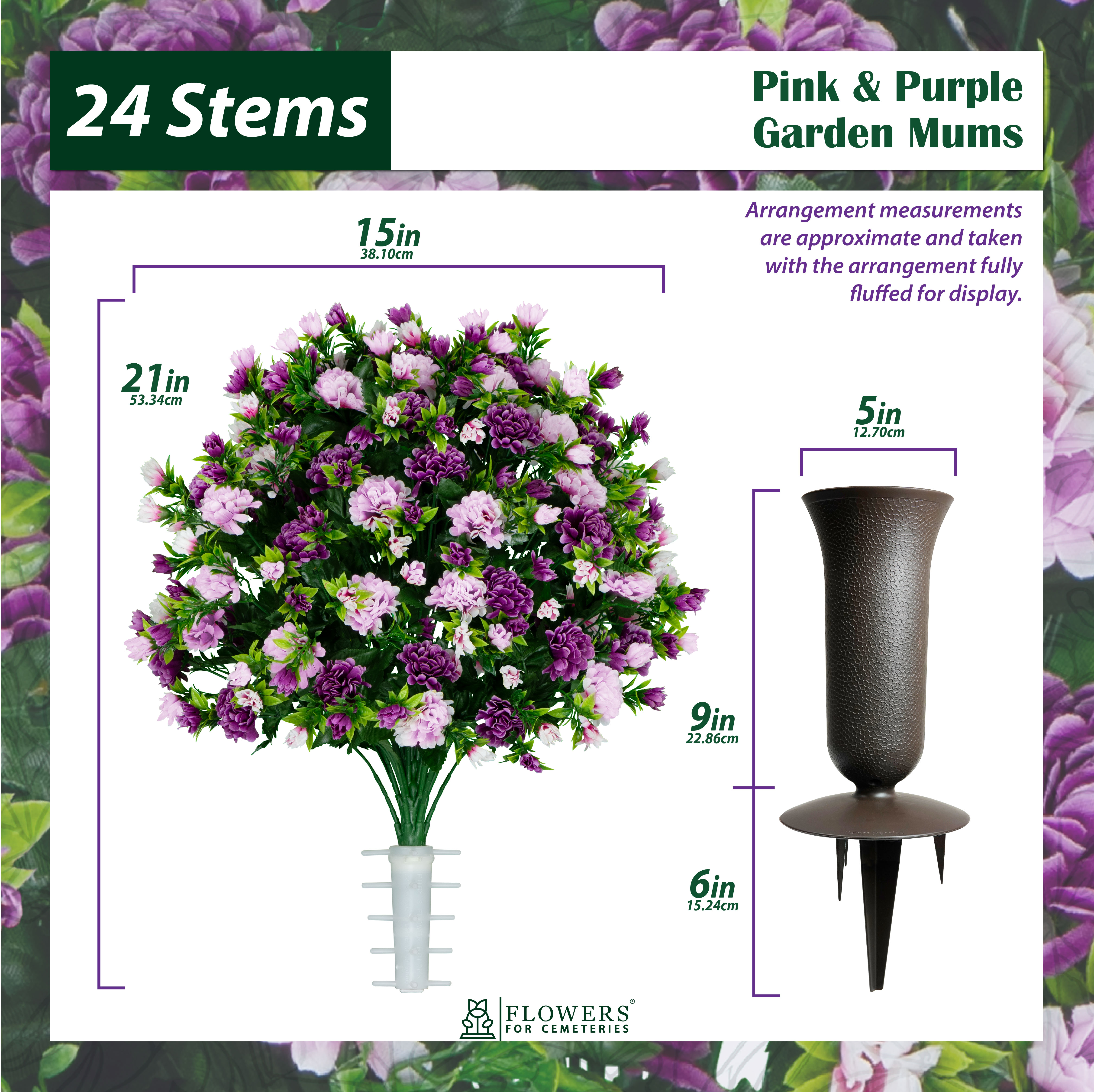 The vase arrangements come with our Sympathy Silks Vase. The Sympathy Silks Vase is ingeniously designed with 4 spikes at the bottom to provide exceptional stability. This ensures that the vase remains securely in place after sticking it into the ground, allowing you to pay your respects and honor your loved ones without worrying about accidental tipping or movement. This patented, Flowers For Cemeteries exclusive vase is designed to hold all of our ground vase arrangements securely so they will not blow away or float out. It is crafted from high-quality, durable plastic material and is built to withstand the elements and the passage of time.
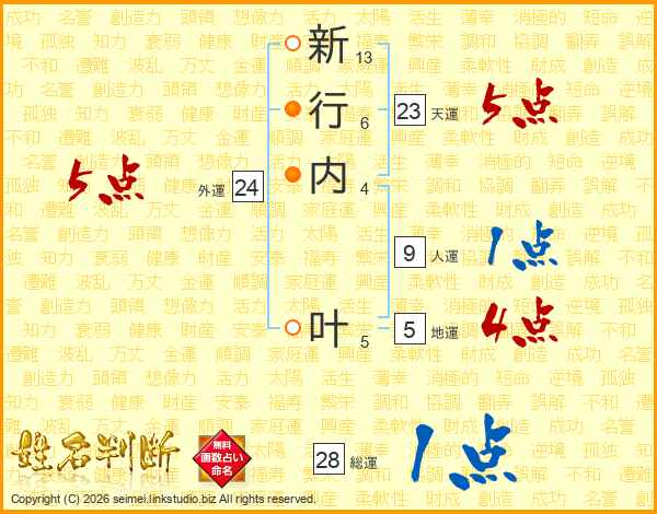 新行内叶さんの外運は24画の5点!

--

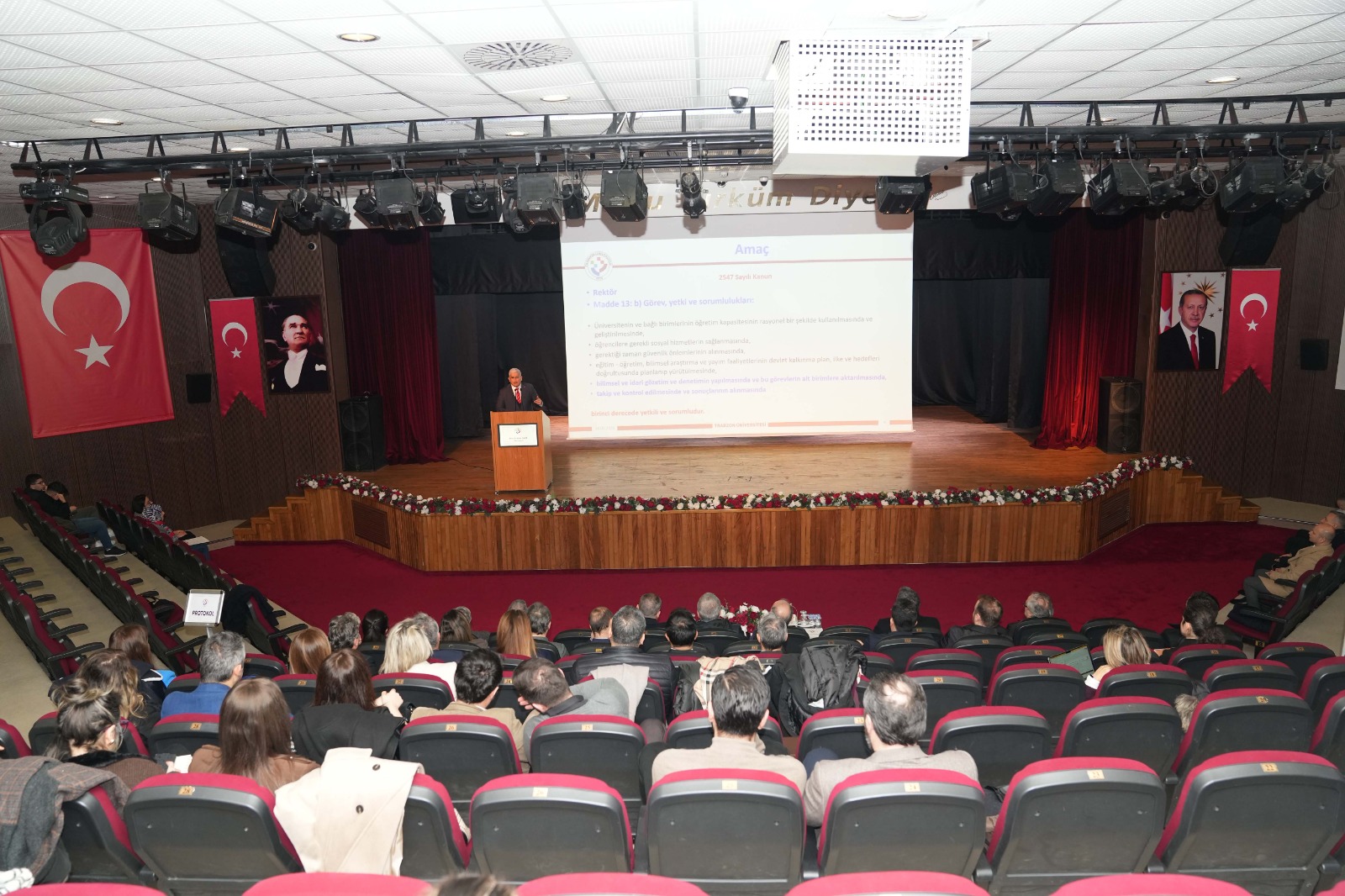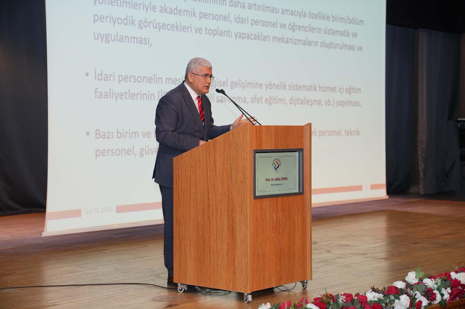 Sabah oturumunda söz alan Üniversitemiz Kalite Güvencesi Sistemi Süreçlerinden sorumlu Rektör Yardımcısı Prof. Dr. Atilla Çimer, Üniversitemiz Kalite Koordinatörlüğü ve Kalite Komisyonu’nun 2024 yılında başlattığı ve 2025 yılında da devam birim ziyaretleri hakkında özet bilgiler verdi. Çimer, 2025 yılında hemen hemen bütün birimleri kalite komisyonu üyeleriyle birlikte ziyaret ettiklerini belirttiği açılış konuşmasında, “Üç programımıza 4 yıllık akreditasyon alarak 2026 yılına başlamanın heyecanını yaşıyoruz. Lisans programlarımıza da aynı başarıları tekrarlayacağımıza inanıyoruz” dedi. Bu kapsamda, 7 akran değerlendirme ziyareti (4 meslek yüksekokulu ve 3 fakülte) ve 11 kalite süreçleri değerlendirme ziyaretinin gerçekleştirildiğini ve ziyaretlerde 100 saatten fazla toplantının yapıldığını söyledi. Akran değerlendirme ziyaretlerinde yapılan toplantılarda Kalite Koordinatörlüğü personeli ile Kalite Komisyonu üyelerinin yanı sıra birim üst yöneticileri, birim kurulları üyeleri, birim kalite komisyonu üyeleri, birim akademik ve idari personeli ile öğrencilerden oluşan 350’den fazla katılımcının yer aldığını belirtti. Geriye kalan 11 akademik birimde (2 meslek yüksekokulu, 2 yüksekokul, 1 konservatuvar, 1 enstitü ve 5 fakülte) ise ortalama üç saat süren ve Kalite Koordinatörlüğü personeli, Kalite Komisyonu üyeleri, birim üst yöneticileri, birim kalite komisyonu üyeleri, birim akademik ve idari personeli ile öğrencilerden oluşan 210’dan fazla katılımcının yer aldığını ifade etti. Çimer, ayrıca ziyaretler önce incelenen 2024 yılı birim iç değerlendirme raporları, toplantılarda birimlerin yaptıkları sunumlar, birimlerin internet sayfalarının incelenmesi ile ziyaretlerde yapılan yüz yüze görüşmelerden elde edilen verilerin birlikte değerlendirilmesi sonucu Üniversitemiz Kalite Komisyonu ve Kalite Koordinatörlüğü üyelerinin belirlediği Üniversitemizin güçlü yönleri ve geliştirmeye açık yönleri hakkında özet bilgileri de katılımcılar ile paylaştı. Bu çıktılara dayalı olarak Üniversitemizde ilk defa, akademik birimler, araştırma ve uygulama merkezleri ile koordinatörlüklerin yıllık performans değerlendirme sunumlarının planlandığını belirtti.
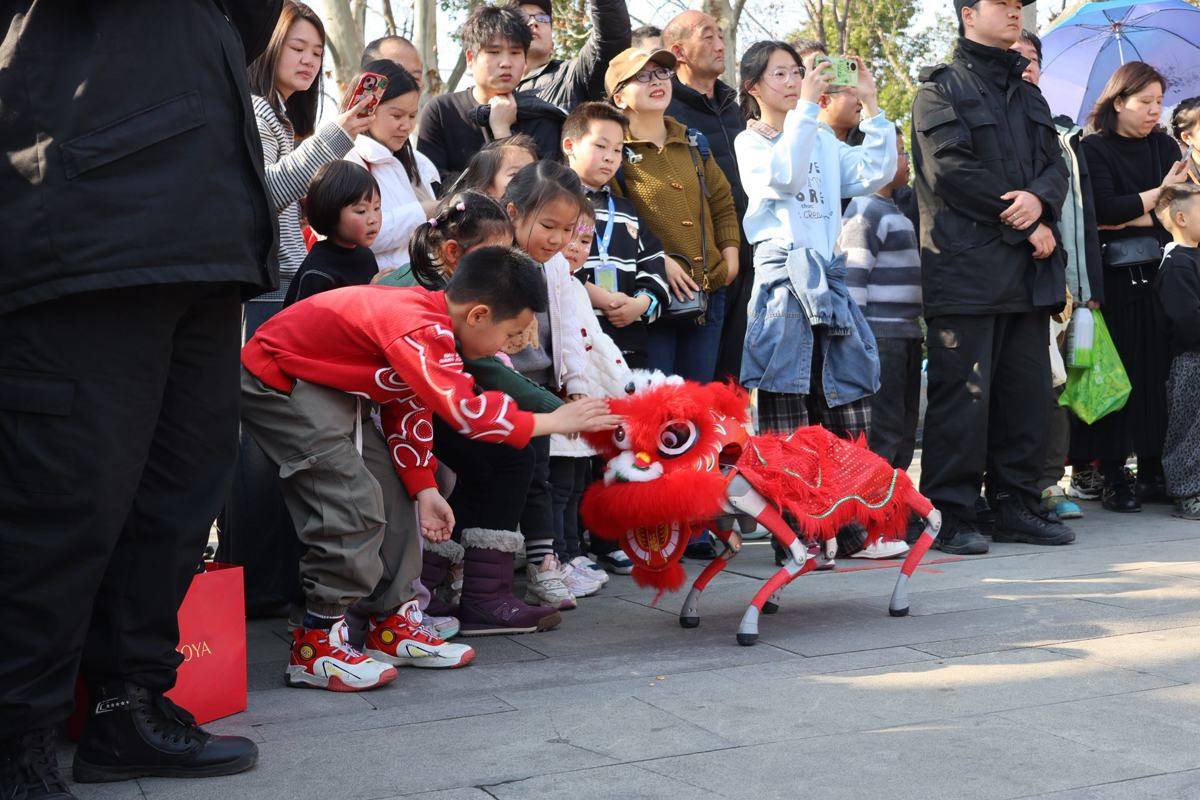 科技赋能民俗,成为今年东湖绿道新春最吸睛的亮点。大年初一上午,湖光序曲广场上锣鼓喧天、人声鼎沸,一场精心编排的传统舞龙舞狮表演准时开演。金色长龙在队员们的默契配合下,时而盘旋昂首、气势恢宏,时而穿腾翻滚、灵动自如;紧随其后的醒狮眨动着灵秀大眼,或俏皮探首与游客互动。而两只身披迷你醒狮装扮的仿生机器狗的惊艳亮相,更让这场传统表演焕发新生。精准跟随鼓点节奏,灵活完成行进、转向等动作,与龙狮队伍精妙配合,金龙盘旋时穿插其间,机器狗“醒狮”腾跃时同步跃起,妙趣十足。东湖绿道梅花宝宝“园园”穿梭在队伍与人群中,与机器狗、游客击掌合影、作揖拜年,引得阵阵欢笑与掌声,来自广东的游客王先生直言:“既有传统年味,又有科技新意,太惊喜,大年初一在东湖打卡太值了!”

▶ What to produce: Please output, exactly as written, the lines above from the one holding "The vase arrangements" through the one holding "新行内叶さんの外運は24画の5点!", both included, with the pictures omitted.

▶ Reply:
 The vase arrangements come with our Sympathy Silks Vase. The Sympathy Silks Vase is ingeniously designed with 4 spikes at the bottom to provide exceptional stability. This ensures that the vase remains securely in place after sticking it into the ground, allowing you to pay your respects and honor your loved ones without worrying about accidental tipping or movement. This patented, Flowers For Cemeteries exclusive vase is designed to hold all of our ground vase arrangements securely so they will not blow away or float out. It is crafted from high-quality, durable plastic material and is built to withstand the elements and the passage of time.
 新行内叶さんの外運は24画の5点!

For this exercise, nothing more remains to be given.